„Z polskimi ufologami w kwestii Emilcina wiele mnie dzieli” - wywiad z Bartoszem Rdułtowskim
Dodane: 10-05-2024 07:18 ()
W Emilcinie na Lubelszczyźnie, 10 maja 1978 r. rolnik Jan Wolski miał spotkać przedstawicieli obcej cywilizacji. Niskie postacie miały być ubrane w skafandry, z widocznymi zielonymi twarzami. Rolnik miał znaleźć się we wnętrzu ich pojazdu. Po latach od rzekomego zdarzenia jego weryfikacją zajął się krakowski publicysta i wydawca, Bartosz Rdułtowski. Swoje dochodzeniu opisał w książce „Tajne Operacje. PRL i UFO”, która ukazała się w roku 2013. Nakład tej publikacji jest wyczerpany, ale w roku 2024 ukazuje się drugie wydanie. O kilka spraw związanych z rzekomym bliskim spotkaniem na wsi w województwie lubelskim zapytaliśmy autora.

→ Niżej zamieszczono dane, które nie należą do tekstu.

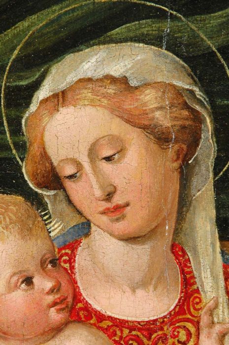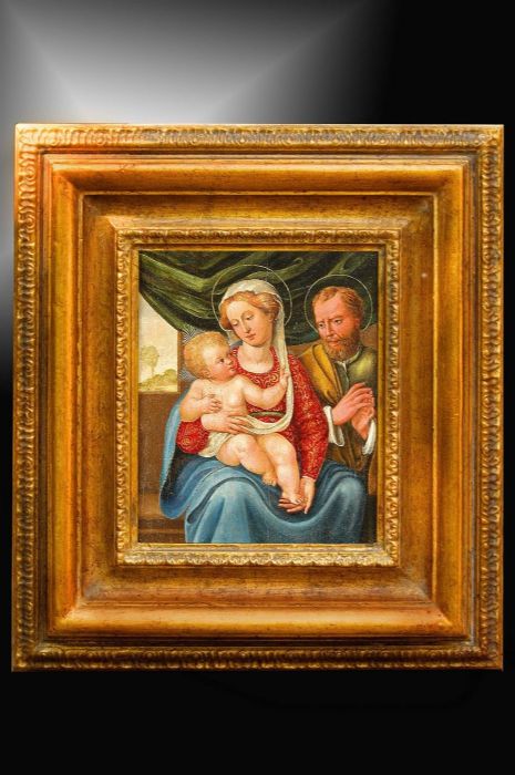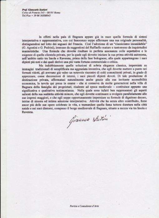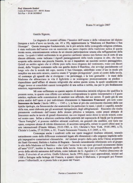 Innocenzo (di Pietro) Francucci da Imola, detto, più semplicemente, “Innocenzo da Imola” (Imola, c. 1484-1490 - Bologna, 1545/50), fu uno dei più significativi artisti rinascimentali del suo tempo e meritò l'appellativo, coniato per lui dal Vasari, di “Raffaello della Romagna” per il suo tratto classicamente armonioso e per lo stile pittorico illuminato che molto lo avvicinò ai modi compositivi del grande urbinate, Raffaello Sanzio. Figlio di un orefice, grazie ad un sussidio cittadino, fu apprendista a Bologna da Francesco Francia, pittore fra i più influenti dell'epoca, di cui diverrà il principale allievo. Nel 1515, dopo aver realizzato un’importante pala d’altare per la chiesa di Bagnara di Romagna, aprì la sua bottega a Imola e a questo periodo risale il dipinto “La Madonna in trono col Bambino, San Cassiano e San Pier Grisologo in atto di adorazione”, conservato nella Pinacoteca comunale, che si dice realizzato dal pittore come segno di gratitudine verso la municipalità imolese per il sussidio elargitogli: infatti il quadro raffigura i santi protettori di Imola, con San Cassiano che regge fra le mani la città. Nel 1517 Innocenzo lasciò Imola alla volta di Bologna, segnando con questo il passaggio a commesse di maggior prestigio e alla fama. Le grandi pale d'altare e i numerosi dipinti di devozione privata, fra cui questa deliziosa interpretazione del tema della “SACRA FAMIGLIA” (databile al 1515), ovvero la “MADONNA COL BAMBINO E SAN GIUSEPPE”, magistralmente expertizzata dal Prof. Giancarlo Sestieri di Roma (vd. expertise pubblicata qui di seguito) e facente parte del catalogo delle opere riconosciute autografe del maestro, lo consacrano pittore dei maggiori ordini religiosi e delle famiglie bolognesi e romagnole più importanti.

Czy moglibyśmy się dowiedzieć, w jakich okolicznościach zdecydował się Pan zająć sprawą zdarzenia w Emilcinie?
Było dokładnie tak, jak opisałem to w książce. Podczas rozmowy telefonicznej z moim znajomym – Adamem Chrzanowskim – ponownie pojawił się wątek wiarygodności zajść w Emilcinie. I nagle Adam rzucił: „A co, jeśli to była akcja sprokurowana przez nasze służby specjalne?”. Pomysł mnie zaintrygował, zwłaszcza że koncepcja odwrócenia uwagi publicznej od sytuacji w kraju w 1978 roku miała sens. A historia o UFO nadawała się do tego idealnie.

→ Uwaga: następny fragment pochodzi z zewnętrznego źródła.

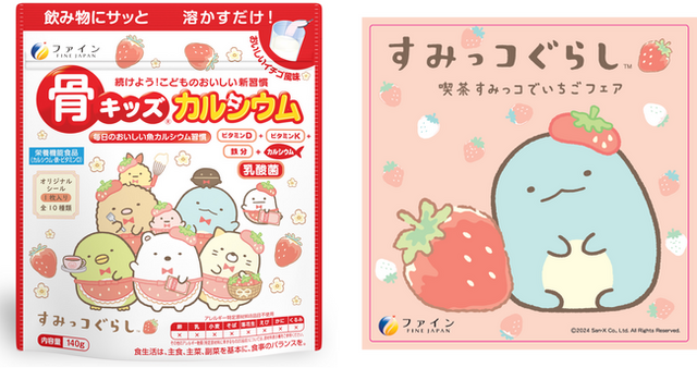 健康食品及び医薬品などを製造・販売する株式会社ファイン(本社:大阪市淀川区、代表取締役:佐々木 信綱)は、以前より毎日の栄養バランスを美味しくサポートする『骨キッズ(R)カルシウム』シリーズを販売しています。そしてこの度、大人気キャラクター“すみっコぐらし”仕様の『骨キッズ(R)カルシウム イチゴ風味』のパッケージをリニューアルし、令和6年8月20日(火)より全国のドラッグストア、自社ECサイトにて販売開始しました。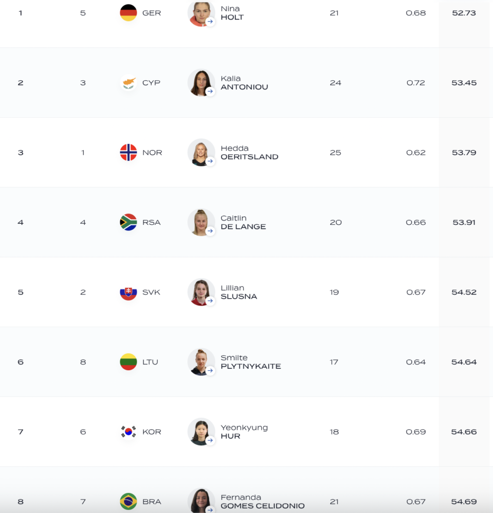 Η Αντωνίου κολύμπησε την απόσταση σε 53.45 στον προκριματικό και βελτιώσε κατά πολύ το δικό της παγκύπριο ρεκόρ 54.29 από την διοργάνωση του 2021 στο Αμπού Ντάμπι. Η Κύπρια κολυμβήτρια ολοκλήρωσε την παρουσία της στα προκριματικά στην 23η θέση. Η ίδια είχε κολυμπήσει χθες τα 50μ πεταλούδα σε 26.47, ξεπερνώντας το 26.54 που είχε από το Ευρωπαϊκό 25άρας πέρσι στο Οτοπένι, και έτσι έβαλε εκ νέου το όνομά της στη λίστα με τα εθνικά ρεκόρ.

Czy informacja o tzw. zdarzeniu w Emilcinie jest pańskim pierwszym zapamiętanym kontaktem z tematem UFO?
Zdecydowanie tak. W połowie 1978 roku miałem pięć lat. Po tym, gdy moja Mama pierwszy raz opowiedziała mi o tym zdarzeniu, przez kolejne miesiące zamęczałem ją o nowe fakty w tej sprawie. W mojej głowie powstała zaś myśl, która kiełkowała przez następne lata, czy właśnie tak może wyglądać kontakt ludzi z inną cywilizacją.
Ma Pan wiedzę, co stało się z rodziną Jana Wolskiego? W jednym z archiwalnych tekstów przypomnianych w Pańskiej książce pojawia się kuzyn Jana Wolskiego. Wiemy, że synowie Jana Wolskiego nie żyją, ale chyba miał też wnuki. Czy próbował się Pan skontaktować z rodziną, wiemy jakie zdanie mają o historii przodka?
W czasie śledztwa nie dotarłem do nikogo z rodziny Wolskich. Nie zmieniło się to przez kolejne lata.
Czy może Pan przybliżyć temat rzekomego „objawienia”: kto i co miał widzieć oraz skąd pochodzą te informacje?
W tym wątku niemal każda osoba przedstawiała sprawę inaczej. Były milicjant – Pan Ceglarski – który został skierowany na miejsce zdarzenia, aby zbadać incydent w Emilcinie, twierdził, że Wolski opowiadał mu o jakimś kamieniu, przy którym objawił mu się Chrystus. Mieszkanka Emilcina twierdziła z kolei, że świadkiem tego objawienia był brat Wolskiego. W archiwalnym nagraniu Małgorzaty Sawickiej siostra Jana Wolskiego opowiadała, że Chrystusa ujrzał ich ojciec. I to jest, moim zdaniem, najbardziej wiarygodna wersja. Co ciekawe wątek jest istotny, na co zwrócił mi uwagę jeden z poproszonych o opinię hipnoterapeutów. Zdaniem specjalisty w przypadku Jana Wolskiego mógł zadziałać mechanizm próby dążenia do identyfikacji z rodzicem poprzez podobne przeżycie. Jednym słowem mogło to czynić Wolskiego znacznie bardziej podatnym na indukowanie mu fałszywych wspomnień.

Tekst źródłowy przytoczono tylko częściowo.